Exercise description =>
Copy exactly the lines starting at the one that contains "홍콩명품 [까르띠에] 산토스" and running through the end of the material below. Exclude any pictures.

Input data =>
..............................
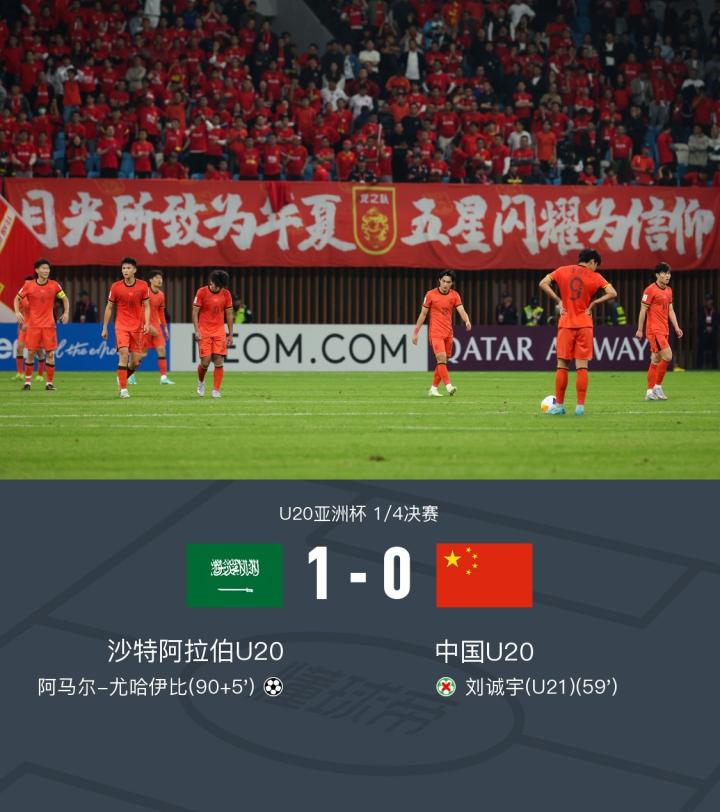 北京时间2月22日U20亚洲杯1/4决赛,中国U20对阵沙特阿拉伯U20。下半场,王钰栋造点,刘诚宇主罚点球罚丢,比赛读秒阶段,阿马尔-尤哈伊比破门。最终国青0-1不敌沙特阿拉伯U20,无缘晋级世青赛。
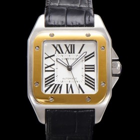 홍콩명품 [까르띠에] 산토스 100 W20072X7 오토매틱 ETA2824-2 타입 18k 옐루골드 베젤 남성용 51mm 가죽줄 화이트 다이얼 car69318
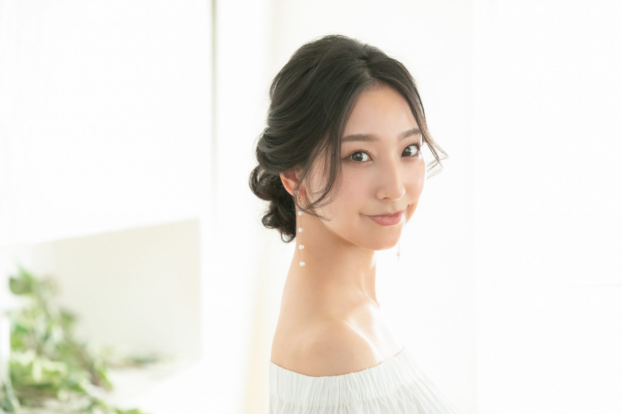 髪のツヤは花嫁さんを華やか&幸せに見せてくれる一番のアクセサリー。ツヤ感が出るスタイリング剤を使いつつ、髪を扱う時は指の腹ではなく指先を使うこと。
..............................
Response =>
 홍콩명품 [까르띠에] 산토스 100 W20072X7 오토매틱 ETA2824-2 타입 18k 옐루골드 베젤 남성용 51mm 가죽줄 화이트 다이얼 car69318
 髪のツヤは花嫁さんを華やか&幸せに見せてくれる一番のアクセサリー。ツヤ感が出るスタイリング剤を使いつつ、髪を扱う時は指の腹ではなく指先を使うこと。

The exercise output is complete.